Here is the original question:

The guys in charge of UNIX system administration here are telling us that
they want to move stuff around because we could have a performance penalty
if we keep placing things (files and directories) in a certain way.

They want to move around a lot of directory structures in oder to work
around a potential performance problem. The issue here is that this would
force our division to rewrite our in-hous configuration managment tools
completly and this incurs a MAJOR amount of work.

Here is what they say that I would like you gurus to validate:

Theay are telling us that it is not recommended to have more that 320
directory entries under a particular directory branch (I assume that they
mean, starting from root) They are telling us that if there is more than
320 entries, the system has to use what they call "extensions" and that the
prerformance problem grows exponentially with the number of extensions used
!

I never saw any recommendations like that, or maybe they misunderstood
something.

Does anyone know what they might be talking about ? Most of our servers are
Dec Alphas with ADVFS, we also have a couple of HP-SUX machines and a
couple of Sun Servers....

----------------------------------------------------------

Thanks to the following people for their excellent technical input (Sorry
if I forgot someone)

alan_at_nabeth.cxo.dec.com: (Alan Rollow)

        Maybe, but it depends on the file system.

        A directory is just a special sort of file which contains
        file name/address combinations.

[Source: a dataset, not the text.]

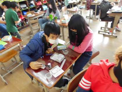 結果をまとめる際,自分の結果と周りの結果が違っており,多くの意見が自分とは違っていたため,考察を改めるということをしていた児童もいました。

The detailed organization
        of an entry will depend on the file system.

        How file space is organized and addressed depends on the file
        system. On AdvFS files prefer to be organized as a single
        extent having a starting LBN number and length. When a file
        can't be stored as a single extent it isn't contiguous and
        some performance penalties may apply when you have to seek
        between two different parts of the disk to read all the data.

        On UFS, space is organized in a four level structure. The
        basic allocation size of the file system is the file system
        block which is 8 KB of data. This 8 KB is always contiguous.
        The first 12 blocks of a file have their addresses stored in
        the inode for the file. These blocks may be scattered widely
        across the disk or they may be contiguous. But, their addresses
        are immediately available from the inode, which will be locked
        in memory while the file is open.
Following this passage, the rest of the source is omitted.